STORED DATA:

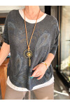 Raffa Yaprak Desen Kolyeli İtalyan Bluz Nero (Siyah)
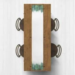 Best Sale 🔔 90″ Winter Watercolor Pine Forest Poly Twill Table Runner by Designs Direct ⭐
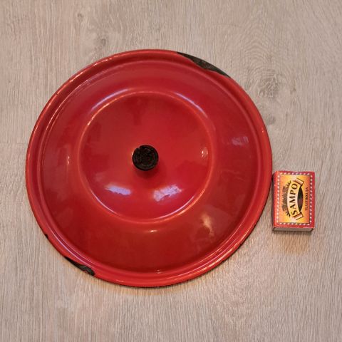 Kivat vanhat emaloidut kattilan- tms. kannet x2. Sinisen kannen halkaisija 20 cm ja punaisen kannen sisäreunan halkaisija 17,5 cm. Hyvä käyttökunto, patinaa paikoin. Yhteishinta. Nouto tai postitus.

WORK REQUEST: Once you find the line with "Best Sale 🔔", restate it and every later line of the data word for word, excluding the pictures.

RESPONSE BOX:
 Best Sale 🔔 90″ Winter Watercolor Pine Forest Poly Twill Table Runner by Designs Direct ⭐
 Kivat vanhat emaloidut kattilan- tms. kannet x2. Sinisen kannen halkaisija 20 cm ja punaisen kannen sisäreunan halkaisija 17,5 cm. Hyvä käyttökunto, patinaa paikoin. Yhteishinta. Nouto tai postitus.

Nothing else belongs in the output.